Kasparov rightly asks why the West never took a harsher stance against Putin, but an equally pertinent question might be, why have Russians embraced Putin as their leader, and never taken a second look at the man who made the presidency his 15 years ago?
None of the writers here see fit to speculate about the future beyond glumly assuming Putin will be Russia’s president for at least nine more years.
More revanchist land grabs are certainly a possibility. But such actions cost money – $25-35 billion per year, by Laqueur’s estimate. What happens when Russia can no longer afford to pay for Crimean retirees’ health care? Does the enthusiasm of Russian-speaking Ukrainians wane when Russia fails to deliver on its promises of an economic boom?
Putin’s Russia is now an idea, not merely a place, a demand by the president “not to look overseas, not to run to the left or to the side, and not to betray your homeland, but to be with us, work for Russia and love her as we do — with our whole hearts.” Pragmatism has been replaced by the idealistic Eurasianism described by Laqueur, a Russia looking east for inspiration and Lebensraum. But the agreement between Putin and Russia is not binding for life, and circumstances may unmake everyday Russians’ apathy with politics.

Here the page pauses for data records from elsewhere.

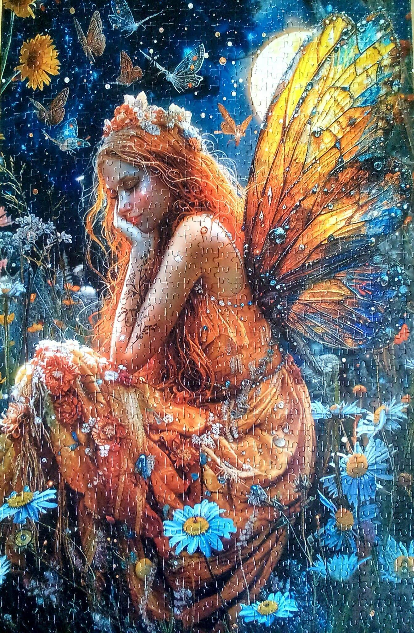 Enter a magical world with this enchanting jigsaw puzzle, featuring a delicate fairy resting in a moonlit field of wildflowers. Her glowing butterfly wings shimmer in the night sky, surrounded by fluttering companions. Perfect for fantasy lovers and dreamers, this puzzle blends elegance with wonder.
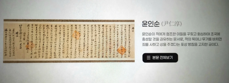 특히 인상 깊었던 격문은 이날 강연에서도 들은 내용으로 의병장 윤인순의 격문이었는데요. 전반부에서 적에게 협조한 이들을 강하게 꾸짖은 다음, 후반부에는 적의 목이나 무기를 바치면 죄를 사하고 상을 주겠다고 고지한 글입니다. 강연자 말을 빌리자면 "채찍과 당근"을 모두 담았다고 할 수 있겠습니다. 그 기개가 정말 대단하지 않습니까? 우리 역사에서 의병은 늘 국가 위기 때 등장해 나라를 위해 싸우곤 했습니다. 이 격문 유물이 있었기에 정미의병 의병장들의 위대함을 더 잘 알 수 있었네요. 유물이 앞으로도 많은 국민들에게 널리 널리 알려졌으면 하는 마음이 들었습니다.
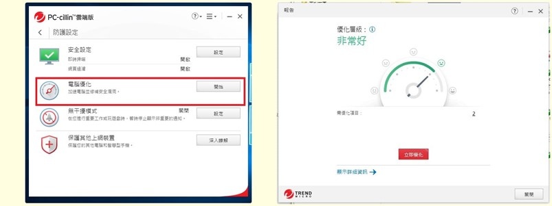 電腦優化會自動檢測相關項目,再偵測完之後可以選擇要立即優化,或是選擇顯示詳細資料,自行調整

As the oligarch whom the president enriched, emboldened, and then incarcerated believes, Putin was created by a people desperate for protection from the cruel fates. “The Russian problem is not just the president as a person,” argues the recently freed Mikhail Khodorkovsky in The New Tsar. “The problem is that our citizens in the large majority don’t understand that they have to be responsible for their own fate.” What happens to Russia when they do?